» **YOUR GOAL**:
Please go line by line and repeat the data below exactly, with no images.

» **DATA BELOW**:
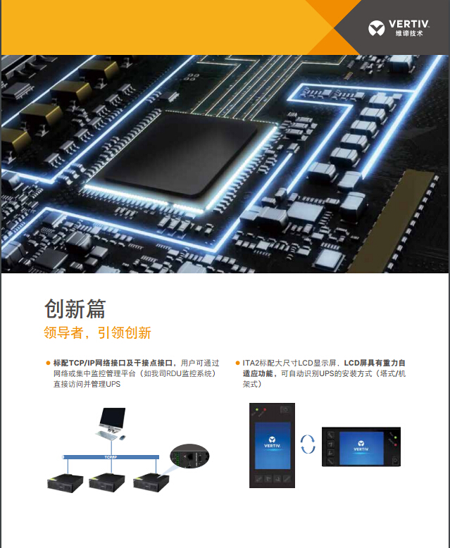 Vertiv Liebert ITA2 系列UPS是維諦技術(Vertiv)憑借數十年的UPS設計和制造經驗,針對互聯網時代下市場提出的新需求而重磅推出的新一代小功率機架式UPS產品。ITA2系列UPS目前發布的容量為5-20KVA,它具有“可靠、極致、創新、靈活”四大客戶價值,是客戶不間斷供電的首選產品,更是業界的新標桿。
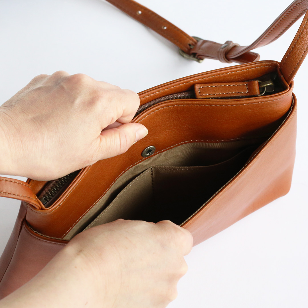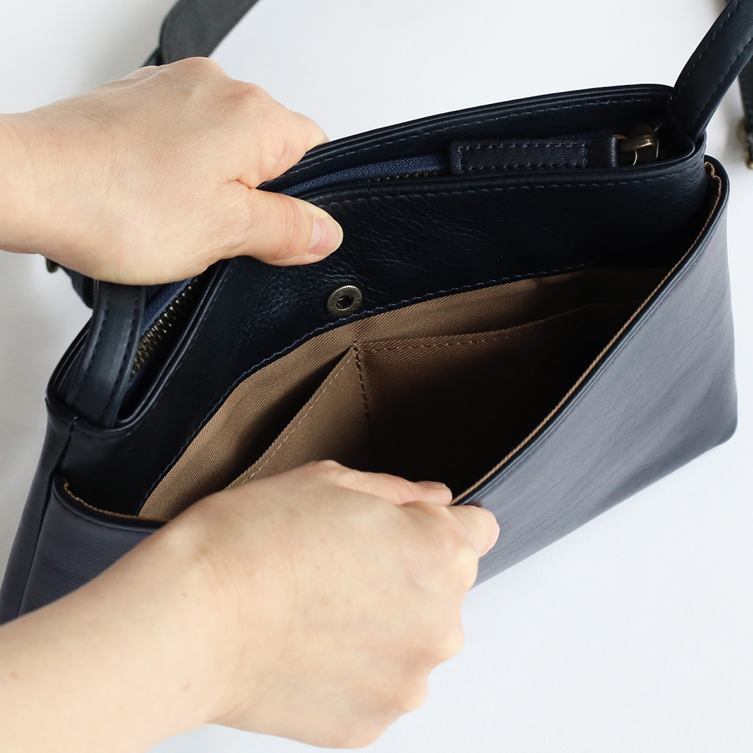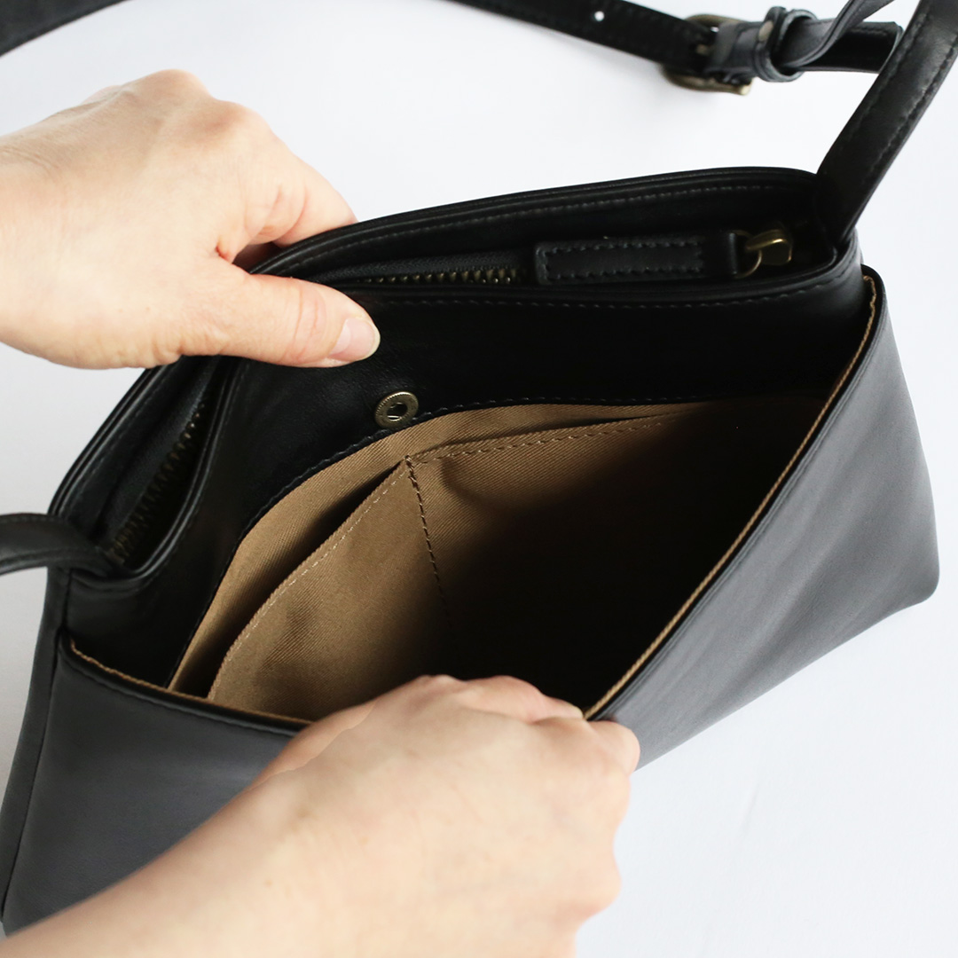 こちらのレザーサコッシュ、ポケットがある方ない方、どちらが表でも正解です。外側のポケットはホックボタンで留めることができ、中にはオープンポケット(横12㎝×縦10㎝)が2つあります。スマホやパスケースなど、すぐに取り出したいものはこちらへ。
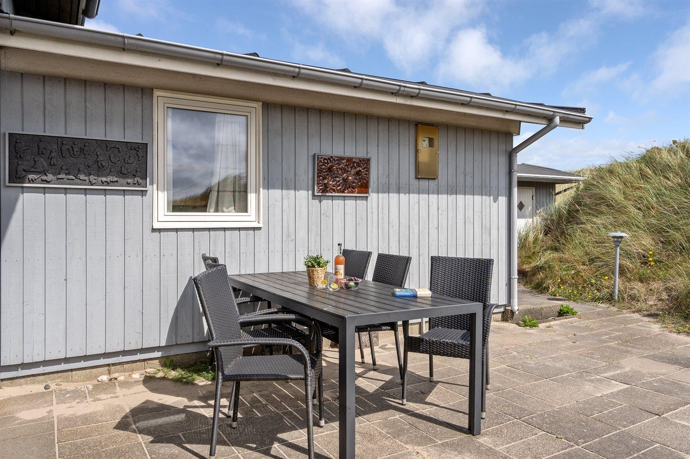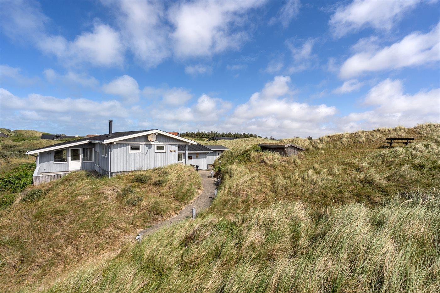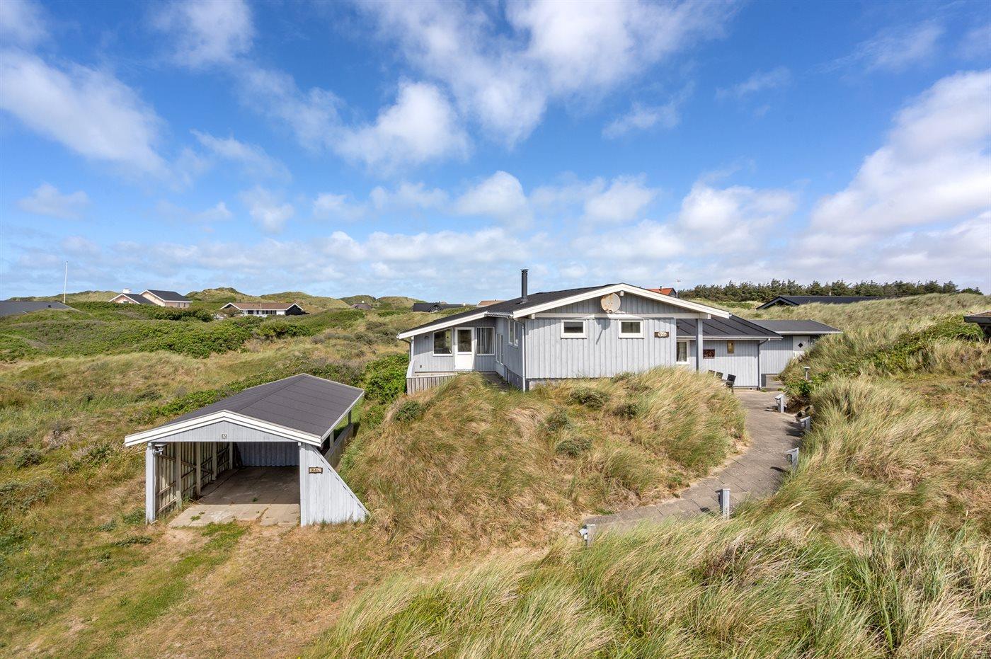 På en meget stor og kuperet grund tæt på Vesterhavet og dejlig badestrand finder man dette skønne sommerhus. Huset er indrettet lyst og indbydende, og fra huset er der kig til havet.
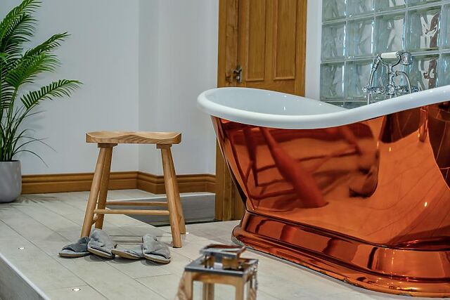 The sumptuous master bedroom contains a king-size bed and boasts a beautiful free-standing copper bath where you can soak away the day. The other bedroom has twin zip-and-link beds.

» **EXERCISE ANSWER**:
 Vertiv Liebert ITA2 系列UPS是維諦技術(Vertiv)憑借數十年的UPS設計和制造經驗,針對互聯網時代下市場提出的新需求而重磅推出的新一代小功率機架式UPS產品。ITA2系列UPS目前發布的容量為5-20KVA,它具有“可靠、極致、創新、靈活”四大客戶價值,是客戶不間斷供電的首選產品,更是業界的新標桿。
 こちらのレザーサコッシュ、ポケットがある方ない方、どちらが表でも正解です。外側のポケットはホックボタンで留めることができ、中にはオープンポケット(横12㎝×縦10㎝)が2つあります。スマホやパスケースなど、すぐに取り出したいものはこちらへ。
 På en meget stor og kuperet grund tæt på Vesterhavet og dejlig badestrand finder man dette skønne sommerhus. Huset er indrettet lyst og indbydende, og fra huset er der kig til havet.
 The sumptuous master bedroom contains a king-size bed and boasts a beautiful free-standing copper bath where you can soak away the day. The other bedroom has twin zip-and-link beds.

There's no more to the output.